After the North won the Civil War and Abraham Lincoln was re-elected president, the United States was probably in the most fragile position in its entire history. Some historically ignorant partisans may wish to claim that we’ve almost never been so divided, but until states start seceding from the Union and booting federal employees from their borders by force of arms, I call B.S. any such sentiment. To say that political tensions still ran high at the time of Lincoln’s second inauguration would be a fundamentally idiotic understatement. To their credit, both Romney and the president struck conciliatory notes in their respective concession and victory speeches. I don’t think either one put it quite as succinctly and eloquently as Lincoln, for whom, and for whose country at the time, the stakes could not have been higher:

With malice toward none, with charity for all, with firmness in the right as God gives us to see the right, let us strive on to finish the work we are in, to bind up the nation’s wounds, to care for him who shall have borne the battle and for his widow and his orphan, to do all which may achieve and cherish a just and lasting peace among ourselves and with all nations.

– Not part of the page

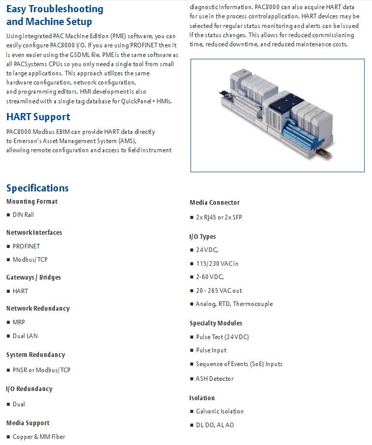 Core positioning: PAC8000 Remote I/O is a fully modular remote I/O solution developed by Emerson for the process industry. It adopts a carrier based architecture and supports applications in general scenarios and hazardous areas (including intrinsic safety signals). It can be seamlessly integrated with PACSystems RX3i and RSTi EP controllers through PROFINET/Modbus TCP, suitable for process control requirements in harsh environments.

The United States hasn’t literally been at war with itself these last four years; the politics of this election cycle (or the last several) haven’t literally created widows and orphans, and the nation’s wounds are metaphorical. Yet to judge by the rhetoric I’ve seen on Facebook, Twitter, blogs, and video clips this morning, you’d think that Obama had just kneecapped grandma with a tire iron, or that Romney’s evil minions had been dragging people out of their beds at night and slapping them facedown on the guillotine. This is not a war, people, and just as losing losing political ground in an election does not mean losing the soul of the country, winning ground in an election does not equate to a unilateral endorsement of a monolithic (partisan) vision of progress. What it means is that, for the next two-to-six years, this particular set of people has been elected to debate, discuss, compromise, legislate, administrate, and generally do the hard work of running this country on its citizens’ behalf. That’s it.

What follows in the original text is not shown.